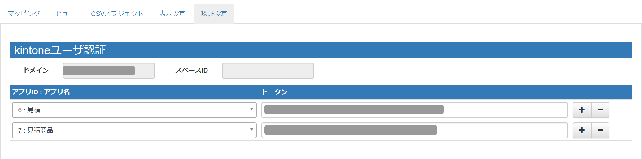 今回は「見積」アプリと「見積商品」アプリを使用するので、その2つのアプリのAPIトークンを取得して入力します。
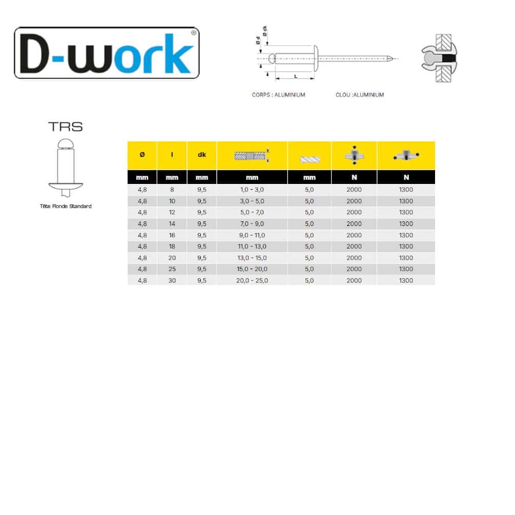 Les rivets aveugles aluminium/aluminium TR 4x8 mm de la marque D-Work sont des fixations robustes et légères, idéales pour assembler des matériaux fins ou difficiles d'accès. Ce lot de 500 pièces offre une solution pratique et économique pour vos travaux de fixation, garantissant une tenue fiable et durable.Caractéristiques principales
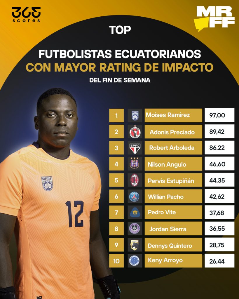 En el marco de la alianza entre 365Scores y MR Offsider, repasamos el ranking semanal de los ecuatorianos con mayor Rating de Impacto, liderado por un arquero que fue figura absoluta pese a la derrota de su equipo.
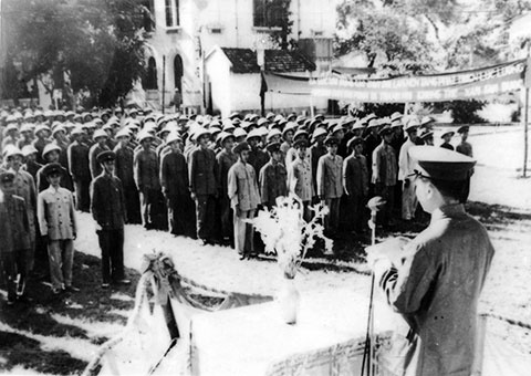 Đại tướng Võ Nguyên Giáp - Tổng Tư lệnh QĐND Việt Nam đọc quyết định thành lập hai thủy đội Sông Lô, Bạch Đằng tại buổi mít tinh ngày 24-8-1955. Ảnh: Tư liệu
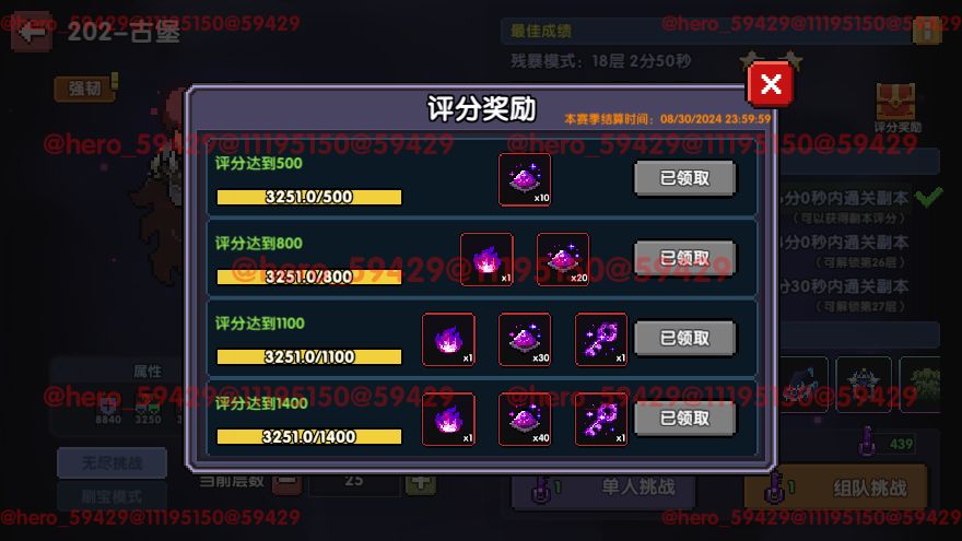 评分奖励是每个图都有的,里面有强化材料,继承材料,进图门票,10个图记得锁体力去打哦(只能领取一次),还有不同职业的排行榜赛季评分也是可以领取的
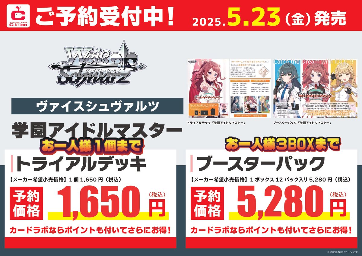 【WS 予約情報】 5月23日 発売 ヴァイスシュヴァルツ 「学園アイドルマスター」 ・トライアルデッキ ※お一人様1個まで ・ブースターパック ※お一人様3BOXまで 予約受付中です❗️ ご予約ご希望の方はぜひカードラボ郡山店まで
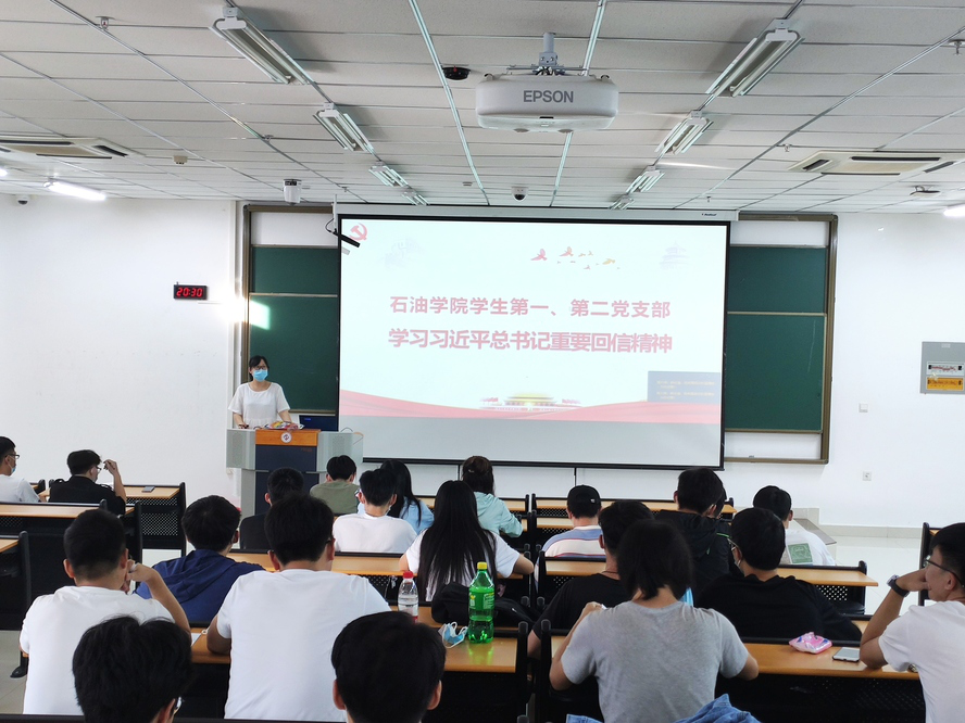7月11日,石油学院学生第一、第二党支部围绕重要回信精神,以线上线下相结合的形式开展了专题学习活动。石油学院2020届新疆基层就业毕业生代表李帅航、袁辉明、魏潇抒和全体学生党员参加了此次活动,活动由辅导员韩仕清主持。
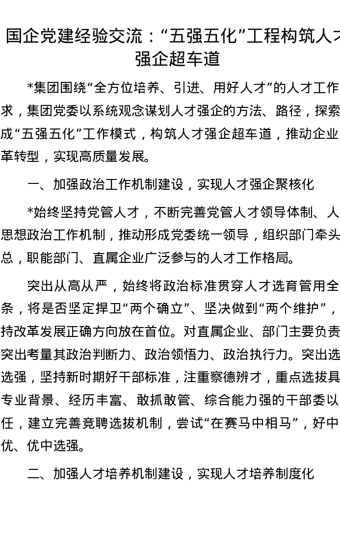 20221010国企党建经验交流:“五强五化”工程构筑人才强企超车道
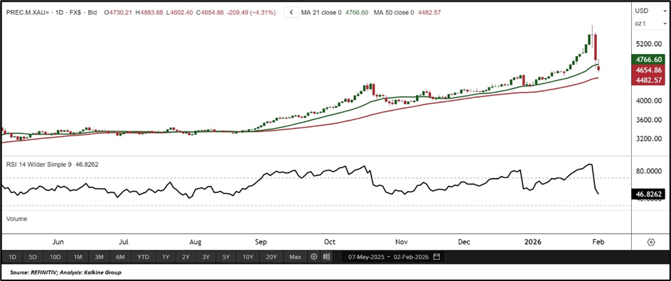 From a technical standpoint, spot gold is trading below its 21-day Simple Moving Average at USD 4,766.60, which now acts as immediate overhead pressure. The 50-day Simple Moving Average near USD 4,482.57 continues to provide broader structural support. Momentum has softened following the sharp one-day drop, reflecting aggressive profit-booking. The 14-day RSI has eased to 46.82 after retreating from elevated levels, pointing to moderating momentum. On the downside, support is located near USD 4,400.00 and USD 3,800.00, while resistance is seen around USD 4,900.00 and USD 5,500.00.
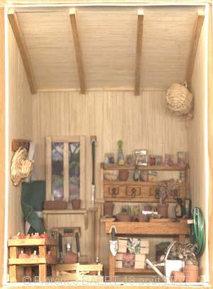 Réalisation en balsa, pâte Fimo, tissu, brins tressés pour le chapeau et le panier, perles.
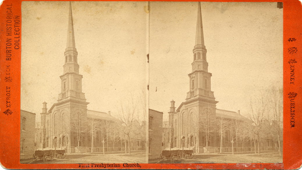 Orange mount. View of First Presbyterian Church. Printed on front of stereocard: "Detroit, Mich., J.A. Jenney, publisher, First Presbyterian Church." Handwritten on stereocard back: "1857, N.W. cor. of Gratiot & Farmer."
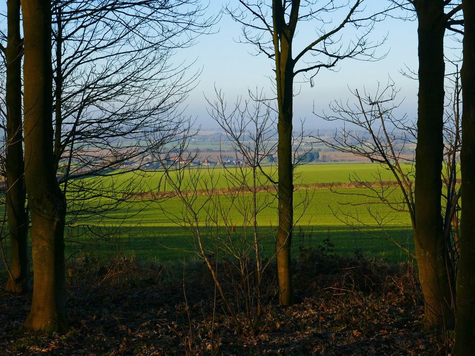 This walk, about 5 miles, passes through a variety of scenery (agricultural, woodland, etc.) with some distant views on a good day. There are bluebells in May!
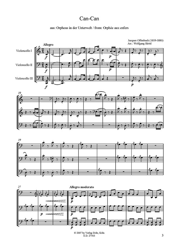 Can-Can aus "Orpheus in der Unterwelt" für Violoncello-Trio eingerichtet von Wolfgang Birtel Partitur und Stimmen M-2020-1563-6 |
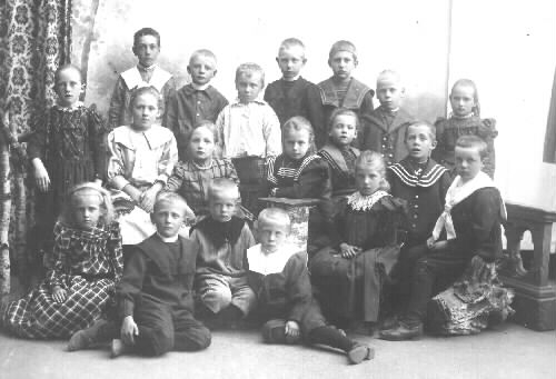 Skolklass år 1904, Gamla folkskolan privatskola Gröna gatan. Första raden sittande på golvet, fr.v.: 1 I Persson (fadern brevbärare), 2 G Boman, 3 E Andersson (fadern banmäst.), 4 N Persson (kallad Ginas Nils) ( en son fiskaffär på Herting). Andra raden fr.v.: 1 H Appelqvist, 2 K johansson ( på Lyckan), 3 E Jönsson, 4 A Törngren, 5 T Andersso (fadern skomakare), 6 F Nilsson (fadern trädgårdsmästare), 7 E Andersson (farbror till Sven-Åke Andersson, urmak.), 8 H Thornberg. Översta raden st. fr. v.: 1 E Sahlin, 2 -, 3 C Andersson (fadern Otto "Lykta"), 4 E Andersson (elektriker) (fadern brevbärare), 5 A Lindqvist (kallad Kådan) (likkisteaffär), 6 I Andersson ( Hallanäsg., kallad "Plankan") (fadern byggmäst. modern barnmorska), 7 A Karlsson (Petters Anna). Förteckning finns ihop med fotot.
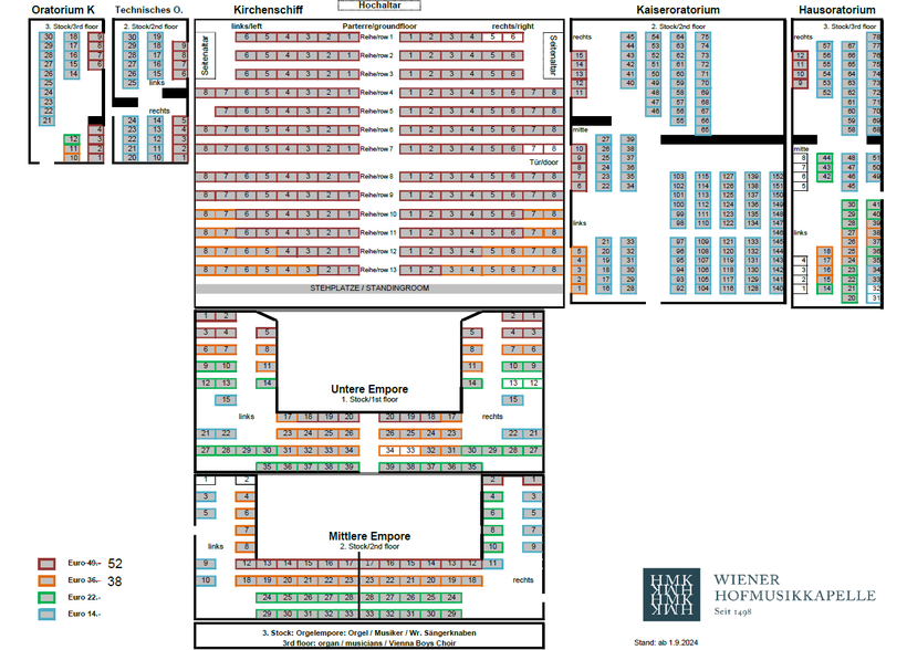 その下のKirchenschiffが1階の主祭壇が正面に見られる赤く塗られた空間で、52ユーロのカテゴリーの多くはこのエリアです。
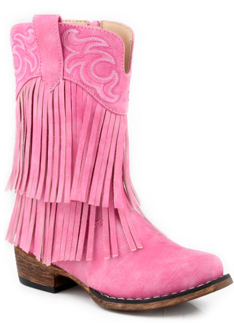 Roper Cowbabies Girls Pink Fringe Boots
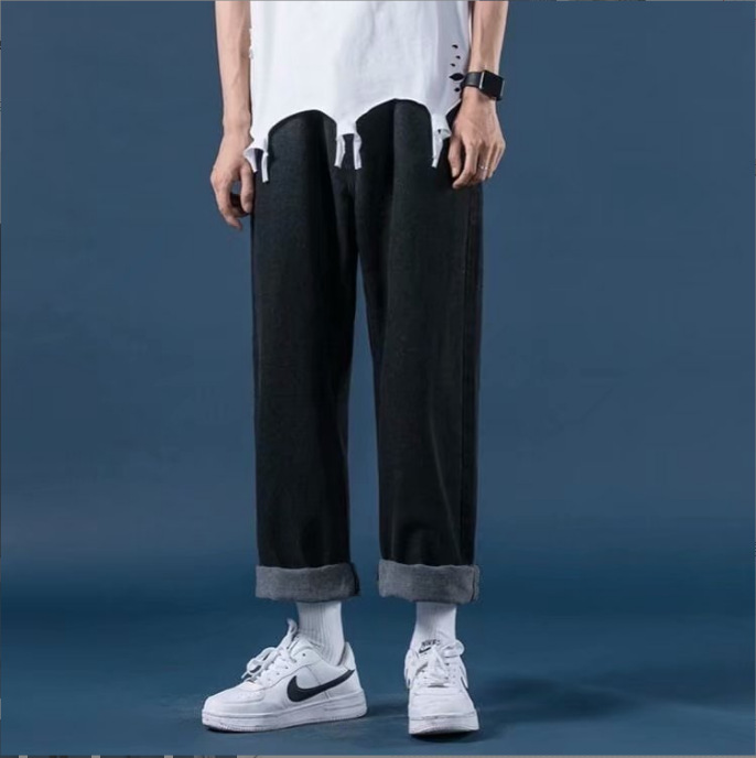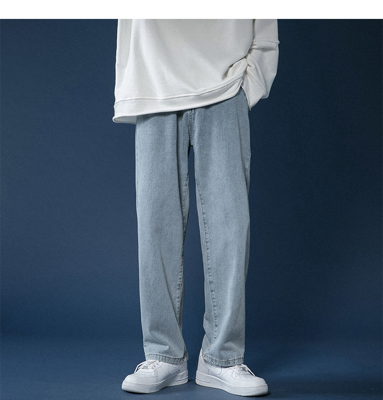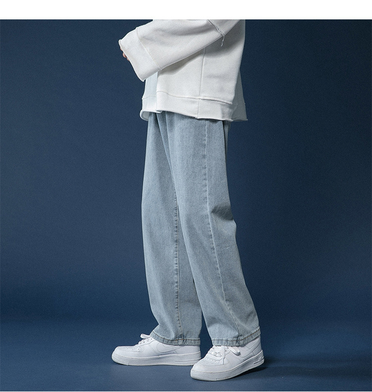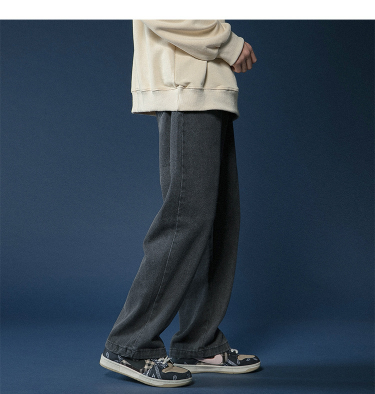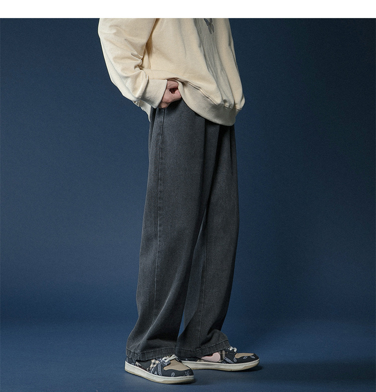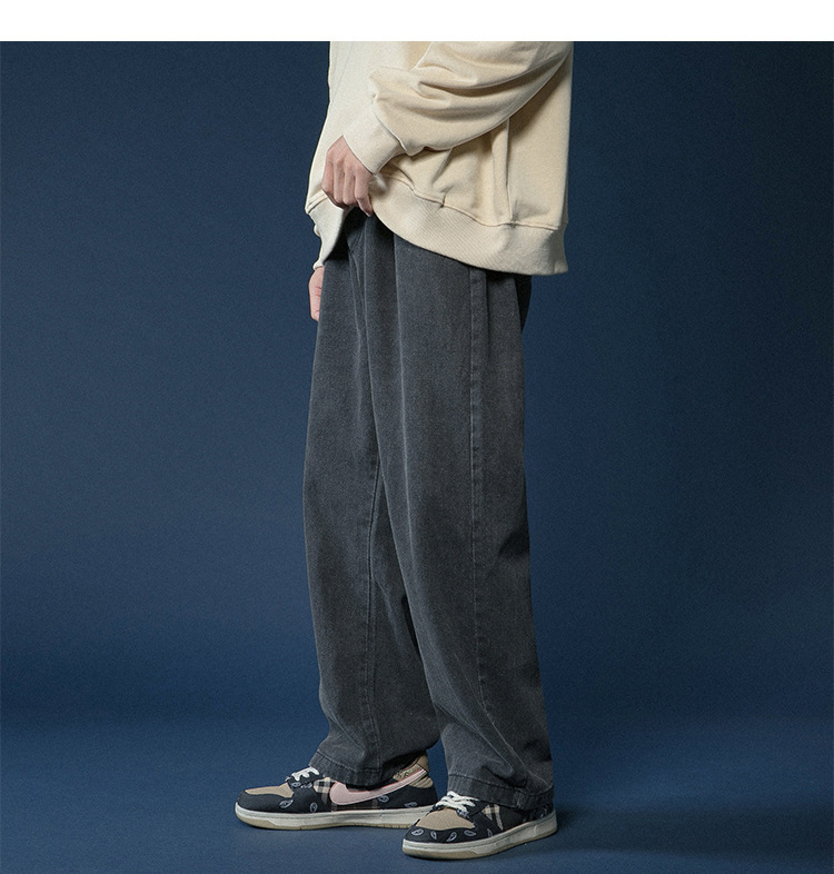청바지 남성 스트레이트 튜브 느슨한 유행 브랜드 봄과 가을 홍콩 스타일 트렌디 한 한국 스타일 하이 스트리트 바지스토어 가기
——————
Copy the records exactly; no image should appear in the result.

### Reply
 今回は「見積」アプリと「見積商品」アプリを使用するので、その2つのアプリのAPIトークンを取得して入力します。
 Les rivets aveugles aluminium/aluminium TR 4x8 mm de la marque D-Work sont des fixations robustes et légères, idéales pour assembler des matériaux fins ou difficiles d'accès. Ce lot de 500 pièces offre une solution pratique et économique pour vos travaux de fixation, garantissant une tenue fiable et durable.Caractéristiques principales
 En el marco de la alianza entre 365Scores y MR Offsider, repasamos el ranking semanal de los ecuatorianos con mayor Rating de Impacto, liderado por un arquero que fue figura absoluta pese a la derrota de su equipo.
 Đại tướng Võ Nguyên Giáp - Tổng Tư lệnh QĐND Việt Nam đọc quyết định thành lập hai thủy đội Sông Lô, Bạch Đằng tại buổi mít tinh ngày 24-8-1955. Ảnh: Tư liệu
 评分奖励是每个图都有的,里面有强化材料,继承材料,进图门票,10个图记得锁体力去打哦(只能领取一次),还有不同职业的排行榜赛季评分也是可以领取的
 【WS 予約情報】 5月23日 発売 ヴァイスシュヴァルツ 「学園アイドルマスター」 ・トライアルデッキ ※お一人様1個まで ・ブースターパック ※お一人様3BOXまで 予約受付中です❗️ ご予約ご希望の方はぜひカードラボ郡山店まで
7月11日,石油学院学生第一、第二党支部围绕重要回信精神,以线上线下相结合的形式开展了专题学习活动。石油学院2020届新疆基层就业毕业生代表李帅航、袁辉明、魏潇抒和全体学生党员参加了此次活动,活动由辅导员韩仕清主持。
 20221010国企党建经验交流:“五强五化”工程构筑人才强企超车道
 From a technical standpoint, spot gold is trading below its 21-day Simple Moving Average at USD 4,766.60, which now acts as immediate overhead pressure. The 50-day Simple Moving Average near USD 4,482.57 continues to provide broader structural support. Momentum has softened following the sharp one-day drop, reflecting aggressive profit-booking. The 14-day RSI has eased to 46.82 after retreating from elevated levels, pointing to moderating momentum. On the downside, support is located near USD 4,400.00 and USD 3,800.00, while resistance is seen around USD 4,900.00 and USD 5,500.00.
 Réalisation en balsa, pâte Fimo, tissu, brins tressés pour le chapeau et le panier, perles.
 Orange mount. View of First Presbyterian Church. Printed on front of stereocard: "Detroit, Mich., J.A. Jenney, publisher, First Presbyterian Church." Handwritten on stereocard back: "1857, N.W. cor. of Gratiot & Farmer."
 This walk, about 5 miles, passes through a variety of scenery (agricultural, woodland, etc.) with some distant views on a good day. There are bluebells in May!
 Can-Can aus "Orpheus in der Unterwelt" für Violoncello-Trio eingerichtet von Wolfgang Birtel Partitur und Stimmen M-2020-1563-6 |
 Skolklass år 1904, Gamla folkskolan privatskola Gröna gatan. Första raden sittande på golvet, fr.v.: 1 I Persson (fadern brevbärare), 2 G Boman, 3 E Andersson (fadern banmäst.), 4 N Persson (kallad Ginas Nils) ( en son fiskaffär på Herting). Andra raden fr.v.: 1 H Appelqvist, 2 K johansson ( på Lyckan), 3 E Jönsson, 4 A Törngren, 5 T Andersso (fadern skomakare), 6 F Nilsson (fadern trädgårdsmästare), 7 E Andersson (farbror till Sven-Åke Andersson, urmak.), 8 H Thornberg. Översta raden st. fr. v.: 1 E Sahlin, 2 -, 3 C Andersson (fadern Otto "Lykta"), 4 E Andersson (elektriker) (fadern brevbärare), 5 A Lindqvist (kallad Kådan) (likkisteaffär), 6 I Andersson ( Hallanäsg., kallad "Plankan") (fadern byggmäst. modern barnmorska), 7 A Karlsson (Petters Anna). Förteckning finns ihop med fotot.
 その下のKirchenschiffが1階の主祭壇が正面に見られる赤く塗られた空間で、52ユーロのカテゴリーの多くはこのエリアです。
 Roper Cowbabies Girls Pink Fringe Boots
청바지 남성 스트레이트 튜브 느슨한 유행 브랜드 봄과 가을 홍콩 스타일 트렌디 한 한국 스타일 하이 스트리트 바지스토어 가기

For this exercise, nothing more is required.